Thanks to many grassroots activists and physicians who called the White House and threatened to demonstrate outside its gates, I was at the Health Care Summit at the White House on March 5 along with Rep. John Conyers Jr. (D-Mich.). And it was good thing. It meant that the single-payer position was recognized as one pathway to health care reform. It also meant that one of our concerns was present: namely, that any health care reform that includes the for-profit, private health insurance companies will fail to provide universal coverage, will not be able to reduce heath care costs, and will increase the number of underinsured. It’s important to note that there were others at the summit who are known to be sympathetic to single payer, including some past and present co-sponsors of H.R. 676 and Sen. Bernie Sanders of Vermont. (More on Sanders below.) That said, it is true that the summit was carefully choreographed. The opening plenary featured Travis Ulerick, a 24-year-old firefighter from Dublin, Ind., who had sponsored a “health care community discussion” (house party) in his fire station in December. He read off the names of six other people who had hosted similar house parties who had been invited to participate in the summit.
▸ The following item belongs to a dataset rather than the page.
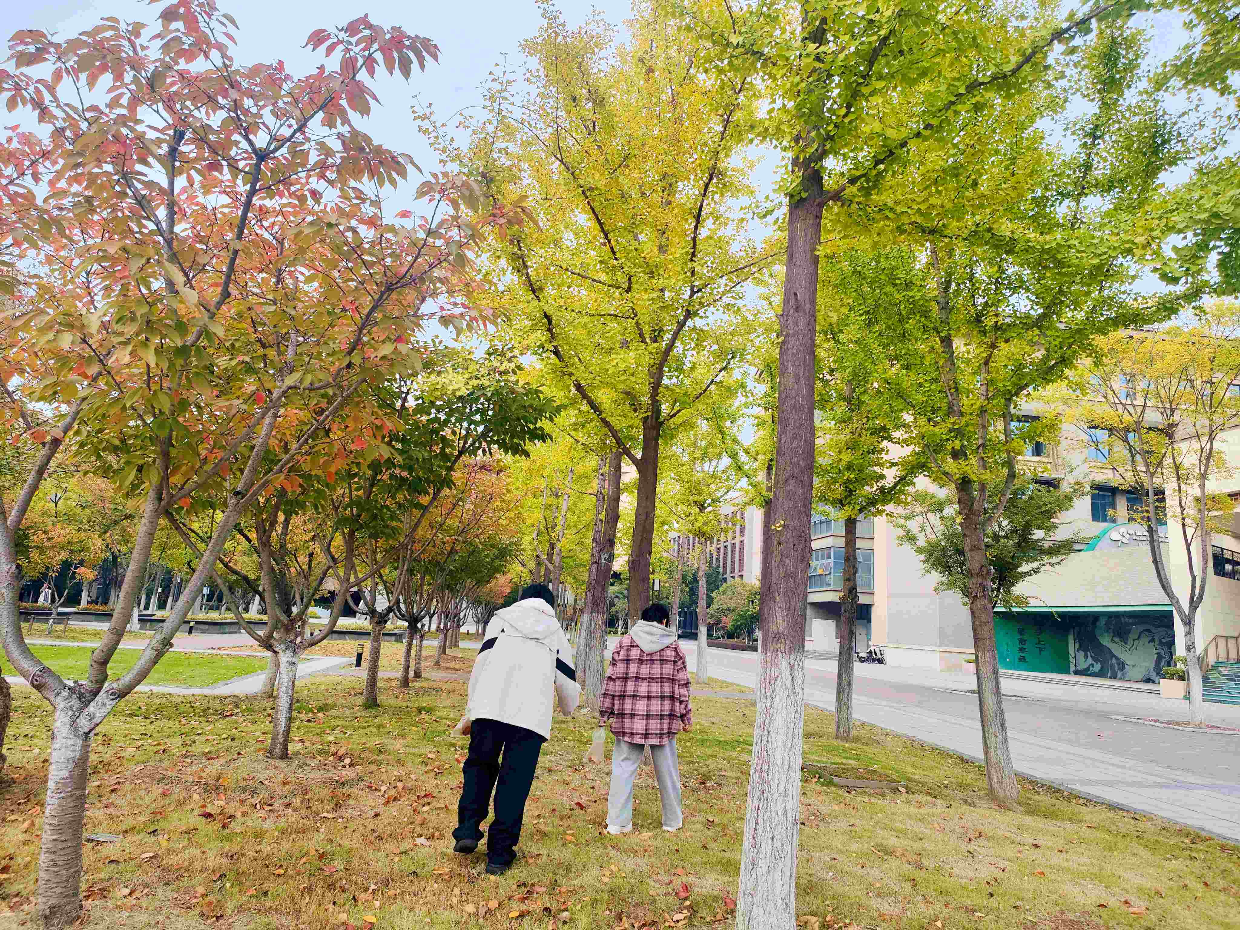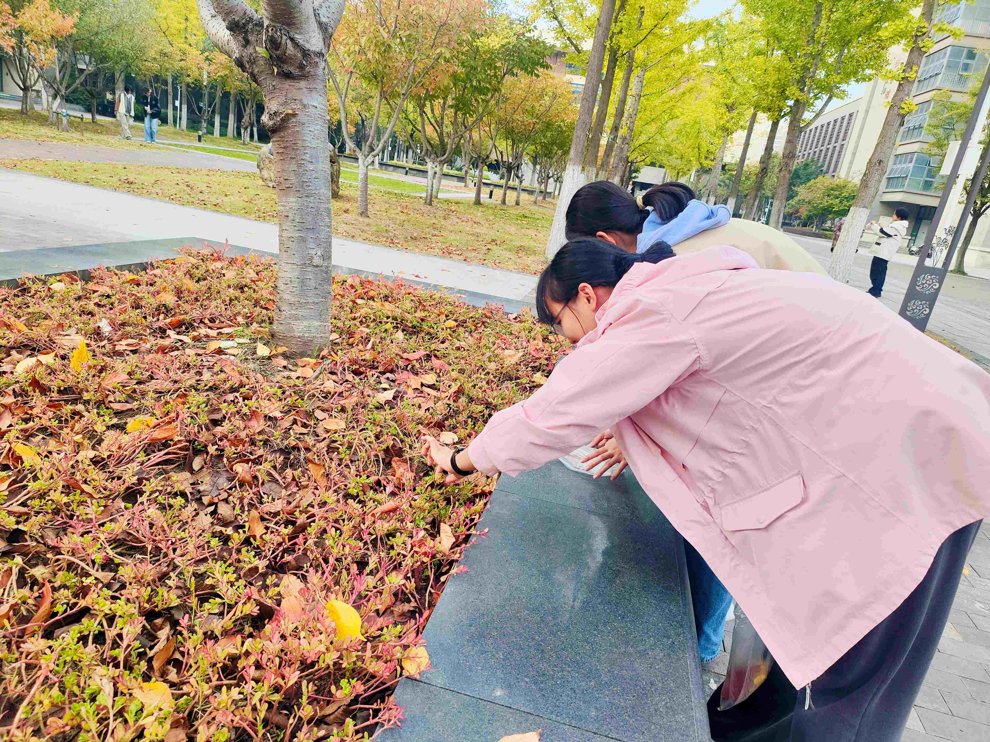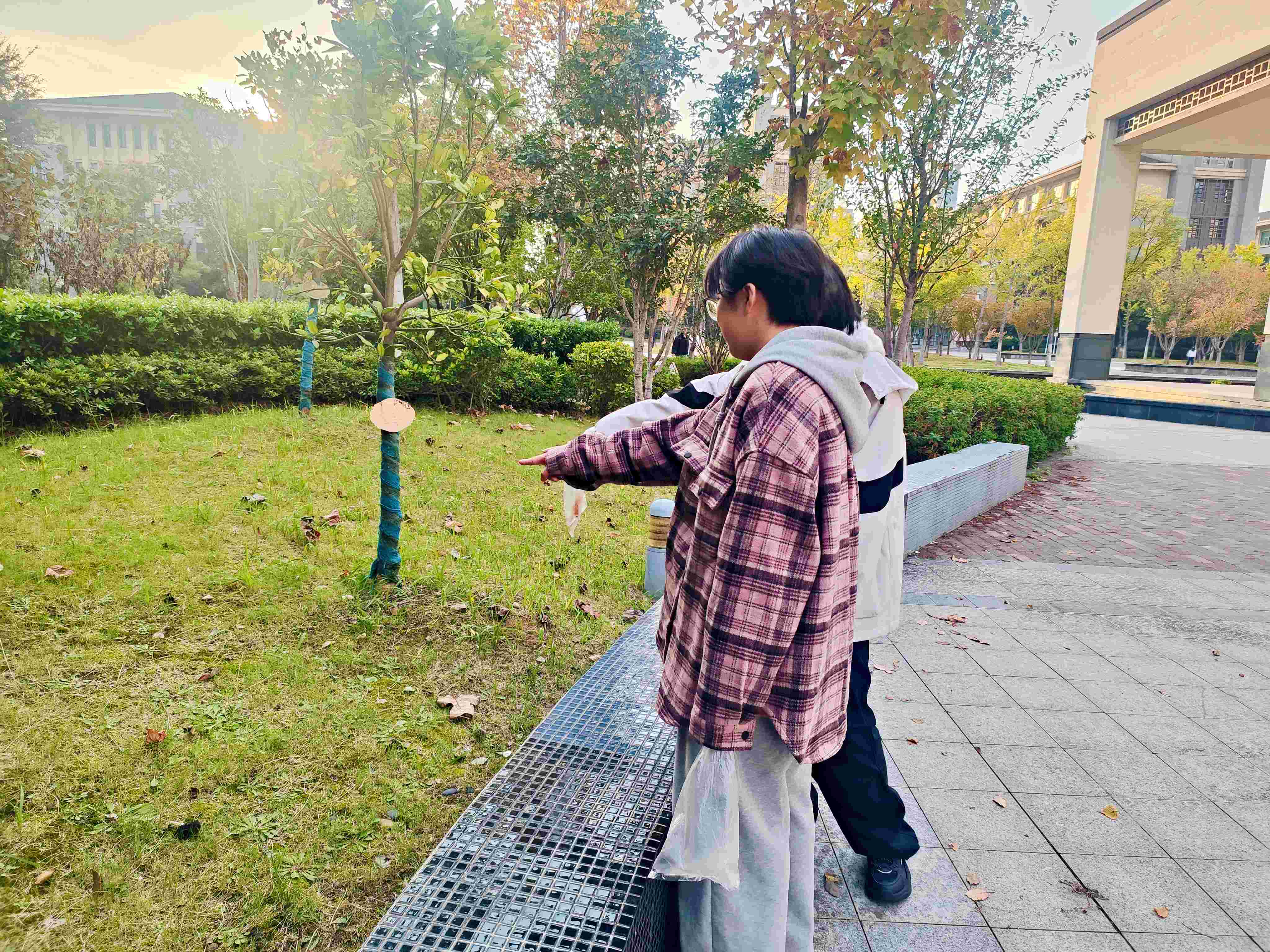 同学们手持小小的“宝藏袋”,化身“自然收藏家”,漫步于四中校园。有人拾起一片脉络清晰的银杏,有人轻嗅残留花香的落蕊,有人触摸树皮的粗糙纹理,有人静听风吹叶落的沙沙声响……每一片落叶、每一颗石子,都成为承载此刻感受的“自然信物”。

Ulerick called attention to a booklet, “Report on Health Care Community Discussions,” which was distributed to all summit participants. It focuses on cost, access, quality and system performance as the major problems facing the American health care system. As solutions, it offers creation of a health insurance exchange, reducing prescription drug costs, research and standards to improve quality and efficiency, simplification and information technology, education for wellness and the promotion of healthy lifestyles.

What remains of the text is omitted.